Рубашку Шуту я сшила. Даже без мерок. По памяти. Мне ли не помнить… Отнести готовое попросила Василину. Васька немного поворчала чисто по инерции, но просьбу выполнила. Вернувшись, заявила:

— Этот паяц был со мной груб. А тебе велел передать, чтобы приходила сама, — и уже тише, чтобы не услышали другие: — Соскучился. Я бы даже сказала, что волнуется.

— Угу, — усмехнулась я, — Щаз побегу. Всё брошу и помчусь.

— За мужчинами бегать неприлично, — нарисовалась уж очень правильная Алиса.

«Кто бы говорил», — раздражённо подумала я, но смолчала. Сил на скандалы не было.

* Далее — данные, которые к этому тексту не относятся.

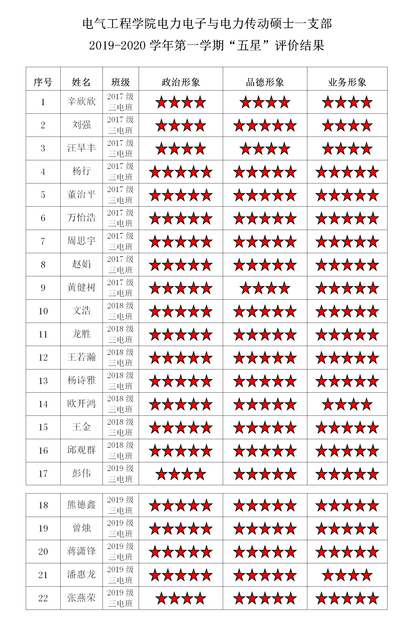 五楼自拍 电力电子系硕士第一支部 2019-2020学年第1学期“五星”评价结果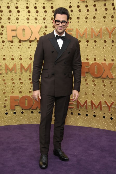The Home Alone and Schitt’s Creek alum was definitely giving us ’60s vibes with this black and white blocked number. She’s also nominated tonight for her work on Schitt’s Creek.

Два дня спустя к нам заглянула прачка Лилия, поманила меня пальцем в коридор, а когда я вышла, сказала, что Шут в лоскуты изорвал все свои рубашки и требует новых. Лично от меня. Услышав в ответ лаконичное и решительное «перебьётся», Лилия разразилась укорами:

— Ну не будь ты ребёнком! Дорожишь кем-то — засунь свой норов в сундук и защёлкни замком! Глупо даже думать о попытках переделать взрослого мужика!

— Никто и не собирается его переделывать. Вот ещё! — фыркнула я.

— Будь ты попроще!

— Не хочу. Надоело.

Да, наглая… Лилия смотрела пристально. Так смотрят на стрелку весов, прикидывая, хватит ли денег расплатиться за товар. Ну давай, спрашивай…

— Рит, у вас всё нормально?

Так и знала.

— Нет. Я болею, — призналась честно.

Лилия поправила выбившуюся из-под накрахмаленного чепца кудрявую прядь.

— Послушай, подруга, а ты уверена, что всё правильно поняла?